*WHAT THIS TASK INVOLVES*
Omit all pictures. Reproduce exactly the lines from the first line of the records below through the line with "2 eggs*, 2 bacon".

*DATA SHOWN*

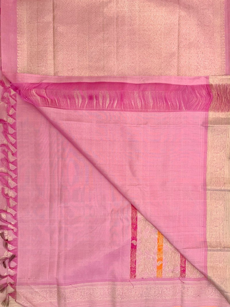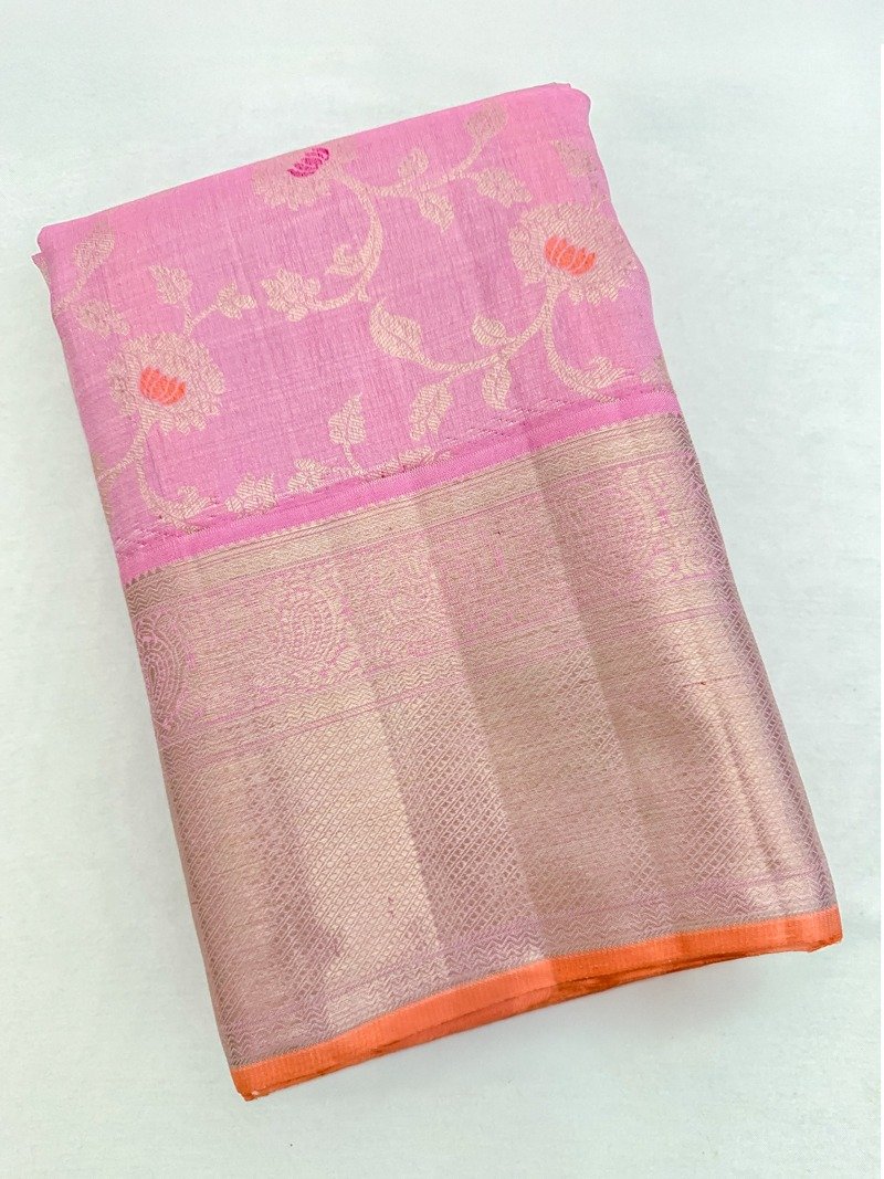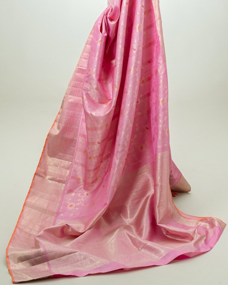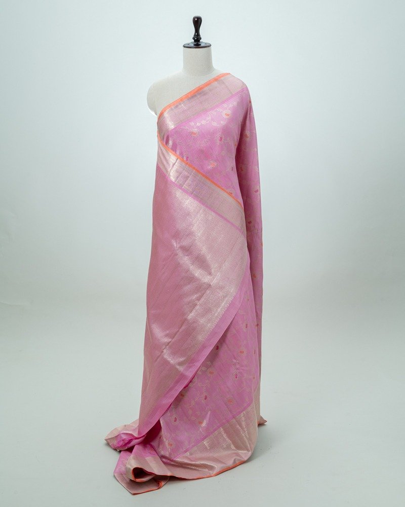 Pink Kanjivaram silk saree featuring meena design all-over, complemented by a Gold zari-woven border.
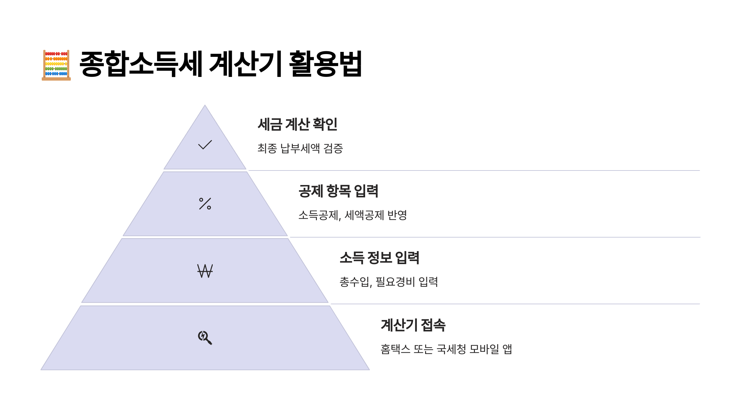 종합소득세 신고 전에 “도대체 내가 얼마나 내야 하지?” 궁금한 분들 많죠. 그런 분들을 위한 필수 도구가 바로 종합소득세 계산기예요. 간단한 항목만 입력해도 예상 세금을 알 수 있어 절세 전략을 짤 수 있어요.
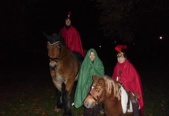 Der Höhepunkt unseres Festes war der Auftritt von Sankt Martin und Sankt Martin Junior auf ihren Pferden und dem Bettler, welche für uns die Martinsgeschichte vorführten. Frau Töfke las die Geschichte vor und verteilte symbolisch das „geteilte Brot“.
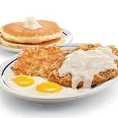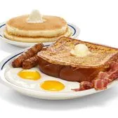 2 eggs*, 2 bacon strips, 2 pork sausage links, 2 buttermilk pancakes & 1 slice of our new Thick ‘N Fluffy French Toast.
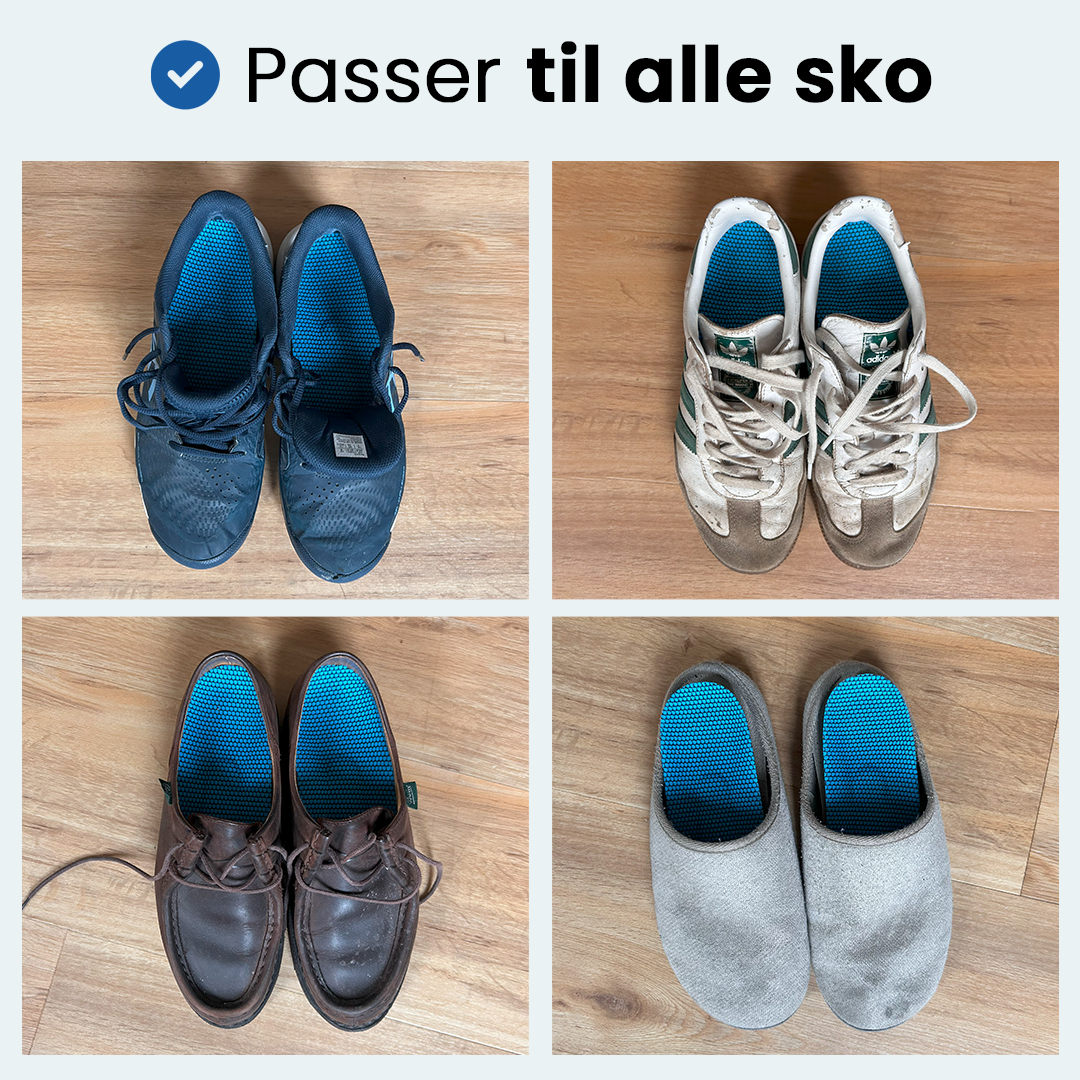 Indlægssålerne passer nemt i alle typer sko og giver en mærkbar komfort allerede efter få timers brug.
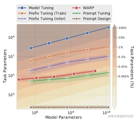 论文使用100个prefix token作为默认参数,大于以上prefix-tuning默认的10个token,不过差异在于prompt-Tunning只对输入层(Embedding)进行微调,而Prefix是对虚拟Token对应的上游layer全部进行微调。因此Prompt-Tunning的微调参数量级要更小,且不需要修改原始模型结构,这是“简化”的来源。相同的prefix长度,Prompt-Tunning(<0.01%)微调的参数量级要比Prefix-Tunning(0.1%~1%)小10倍以上,如下图所示
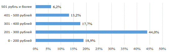 17,7% респондентов он составляет примерно350 рублей.13,2% опрошенных обладает
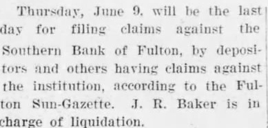 Thursday, June 9. will be the last day for filing claims against the Southern Bank of Fulton, by depositors and others having claims against the institution, according to the Fulton Sun-Gazette. J. R. Baker is in charge of liquidation.
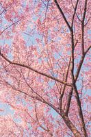 Kersenbloesems in Japan tijdens een zonnige dag met blauwe lucht in de lente of sakura seizoen. De bloem van deze bloesems is zacht roze.
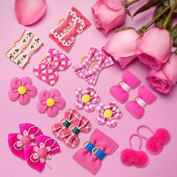 Mix Holiday Dog Hair Bows: You will get 20pcs varies colors cute small puppy dog hair bows, the color assortment and there’s two of each, dog hair bows can make little pet dog adorable and chic, your pet wearing small dog bows will stand out, charming and eye-catching. Add to her cuteness! Which is puppy dog bows with rubber bands, suitable for most small and middle sized pet. Please Trust ''Mruq pet'': Unlike low quality dog hair bows replicas, these add a different look from the normal bows. Our all bows for dogs handmade, durable, sturdiness, well made, easy to use and put, sewed with exquisite rhinestone pearls accessores, mixed all cute pattern and color, dog hair bows perfect for any occasions. Soft Material: The dog grooming bows made high excellent quality lace soft and durable, dog hair bows with rubber bands, even when the dog is running or jumping, little bow pets can prevent the hair from blocking the dog's vision, rubber bands can be firmly fixed, not easy to fall off, can be comfortably stretched. Size : Mix size, you can different choices puppy hair bows to dress up your cute dogs to quickly change your dog’s look and style. Hair bows for dogs great for doing hair styling and embellishments for your pet. Fit for small puppies yorkies, poodle, pomeranian, bichon, schnauzer, shih tzu, maltese, pug, chihuahuas, papillons etc. Excellent Pet Dog Hair Accesssories: ''Mruq pet'' puppy hair bows will make your pet cuter and lovely, you can send them to your close furry friends, they are suitable for daily use, besides, also suitable for birthday parties, weddings, beauty shows, baby showers and other celebrating events, dress up it for every day, and holidays and will surprise everyone for sure.
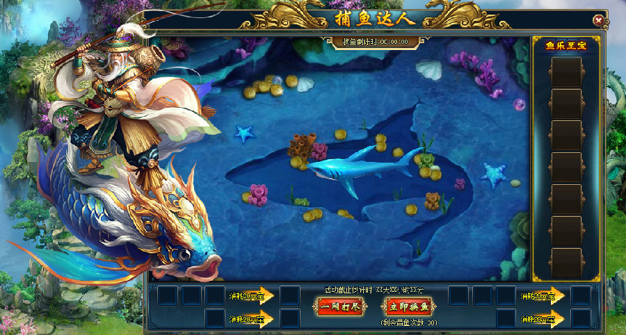 活动内容:活动期间,玩家通过花费元宝或者仙币,就能在捕鱼达人内捕获相关的鱼获得稀有材料,打开材料可以随机获得超级奖品哦。
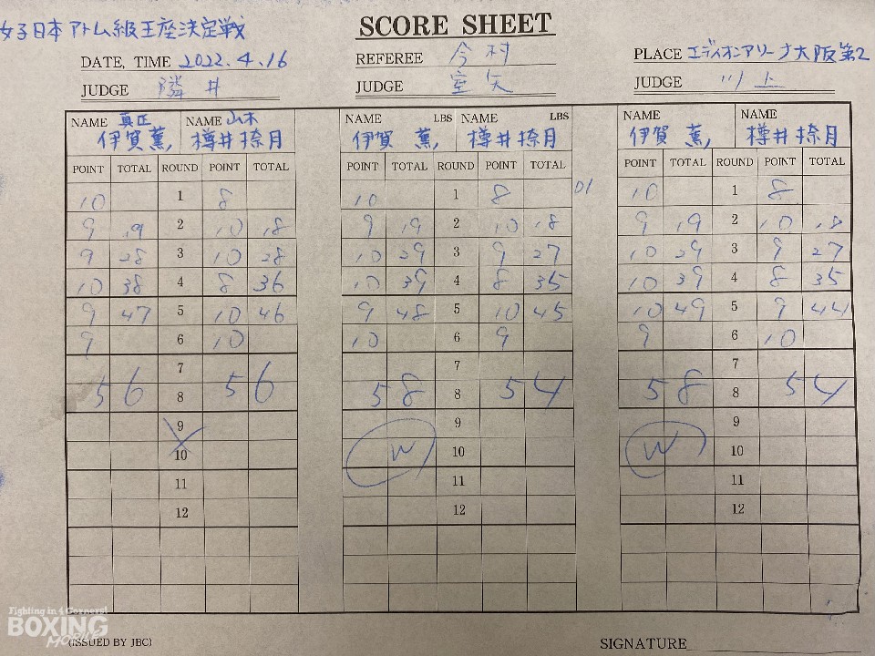 伊賀が2度目の挑戦で戴冠した。初回に右ストレートで倒すと、左右に動きながら反撃に転じる樽井に対し、4回にワンツーで2度目のダウンを演出。後半は激しいパンチの交換となるが、右ストレートが冴えわたった。
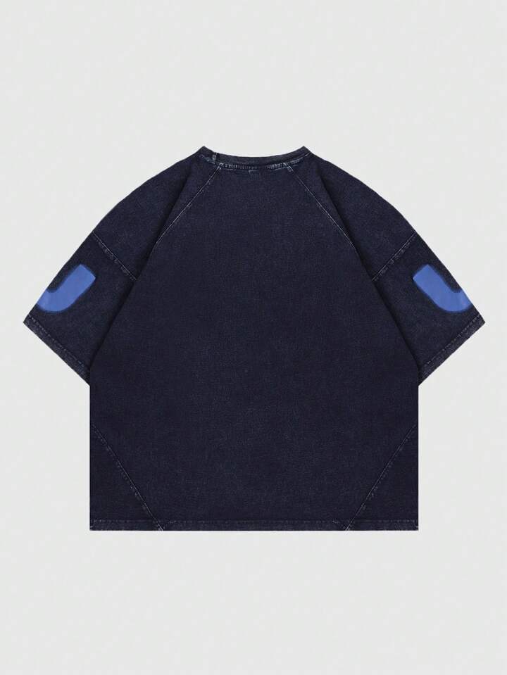 Street Life Men's Jersey Distressed Patchwork Digit Print Short Sleeve T-Shirt, Vintage

*WORKED SOLUTION*
 Pink Kanjivaram silk saree featuring meena design all-over, complemented by a Gold zari-woven border.
 종합소득세 신고 전에 “도대체 내가 얼마나 내야 하지?” 궁금한 분들 많죠. 그런 분들을 위한 필수 도구가 바로 종합소득세 계산기예요. 간단한 항목만 입력해도 예상 세금을 알 수 있어 절세 전략을 짤 수 있어요.
 Der Höhepunkt unseres Festes war der Auftritt von Sankt Martin und Sankt Martin Junior auf ihren Pferden und dem Bettler, welche für uns die Martinsgeschichte vorführten. Frau Töfke las die Geschichte vor und verteilte symbolisch das „geteilte Brot“.
 2 eggs*, 2 bacon strips, 2 pork sausage links, 2 buttermilk pancakes & 1 slice of our new Thick ‘N Fluffy French Toast.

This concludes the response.